行く行くは、嵩張る鋼材などを保管する必要も出て来るでしょうから。
そうすると、狩の獲物は別の【宝物庫】があった方が良いですね。
「グロリア、あなたにも【宝物庫】を渡しておきます」
「こんな、高価なアイテムをですか?」
グロリアは恐縮します。
「大丈夫です」
私は、【収納】の中に大量の【宝物庫】を保有していました。
【宝物庫】は、何かと便利ですからね。
これは【秘跡】や【遺跡】など正規の方法で入手した訳ではなく、ゲーム会社の端末を操作して大量にコピーしただけなので、入手にはコストも労力も掛かっていません。
ユーザーの皆さんからしたら……ふざけんなよ……と、言われそうですが……。
その気持ちは、良くわかりますよ。
斯く言う私自身、プライベート・キャラの時に【宝物庫】を5つ入手するのに、どれだけの苦労をした事か……。
もう一度やれ……と言われたら絶対泣くと思います。
・・・
おや?
弟子達が何事か相談を始めました。
聞くと……パーティ予算を積み立てよう……との事。
「ペネロペさん達は、一律報酬の1割をパーティ予算としているんだよ」
ハリエットが言いました。
「それでね、パーティのメンバーの治療費とか、装備品の修理とかの時に、その予算から経費を払うの」
ジェシカが言います。
「良い考えです。
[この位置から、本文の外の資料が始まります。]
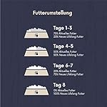 Zusammensetzung: Frisches Huhn* (40 %), dehydriertes Hühnerprotein, Erbsenstärke*, Erbsenprotein*, Geflügelfett, Kartoffeleiweiß, hydrolysiertes tierisches Protein (Huhn), Rübenschnitzel, Erbsenkleie*, Fructo-Oligosaccharide (FOS), Fischöl, Mineralstoffe, getrocknete Ringelblumenblüten* (0,1 %), Hefezellwände (Quelle von Mannan-Oligosacchariden (MOS)), getrocknete Kräuter* (0,05 %) (Thymian*, Basilikum*, Ingwer*, Odermennig*, Rosmarin*), Yucca schidigera, getrocknete Äpfel* (0,03 %), getrocknete Tomaten* (0,03 %), getrocknete Karotten* (0,03 %), Zitrus-Extrakt (0,03 %) (Grapefruit, Orange, Mandarine, Bergamotte), Glucosamin (aus tierischem Gewebe) (0,024 %), Chondroitinsulfat (0,012 %). *Natürliche Zutaten Zusatzstoffe pro kg: Ernährungsphysiologische Zusatzstoffe: Vitamin A 26000 IE, Taurin 1535 mg, Vitamin D3 1360 IE, Vitamin E 410 mg, Vitamin C 175 mg, Eisen (Eisen-(II)-sulfat, Monohydrat) 106 mg, Zink (Aminosäuren-Zinkchelat, Hydrat) 106 mg, Mangan (Mangan-(II)-sulfat, Monohydrat) 43 mg, Biotin 11,8 mg, Kupfer (Kupfer-(II)-sulfat, Pentahydrat) 11,8 mg, Jod (Calciumjodat, wasserfrei) 2,3 mg, Selen (Natriumselenit) 0,1 mg. Analytische Bestandteile: Protein 39 %, Fettgehalt 16 %, Rohfaser 2,5 %, anorganischer Stoff 7 %

私は賛成です」
モルガーナが言いました。
他のメンバーも賛同します。
なるほど、パーティの予算ですか弟子達も色々考えているのですね。
感心です。
「予算徴収は、私達も1割で良いですか?」
グロリアが提案しました。
一同は同意します。
「なら、パーティの口座を作らなくてはいけませんが……。ノヒト先生、私達のパーティの名称は如何しましょう?」
グロリアが訊ねました。
あ〜、確かにパーティの共有口座を開設するならパーティの名称が必要ですね。
ペネロペさん達のパーティ名……【月虹】……みたいな奴です。
う〜む……如何しましょうか?
「【ファミリアーレ】というのは如何じゃ?」
ソフィアが提案しました。
「【ファミリアーレ】。家族の、家庭の……という意味ですね。意味合いも語感も悪くないネーミングだと思います」
弟子達も、この名称を気に入った様子。
こうして、弟子達のパーティ・ネームは【ファミリアーレ】と決定。
一応、しばらくの間は私とソフィアも【ファミリアーレ】に入る事にします。
その場で【冒険者ギルド】に【ファミリアーレ】というパーティ・ネームを正式に登録しました。
パーティ共有口座の開設は、別途【銀行ギルド】での手続きが必要です。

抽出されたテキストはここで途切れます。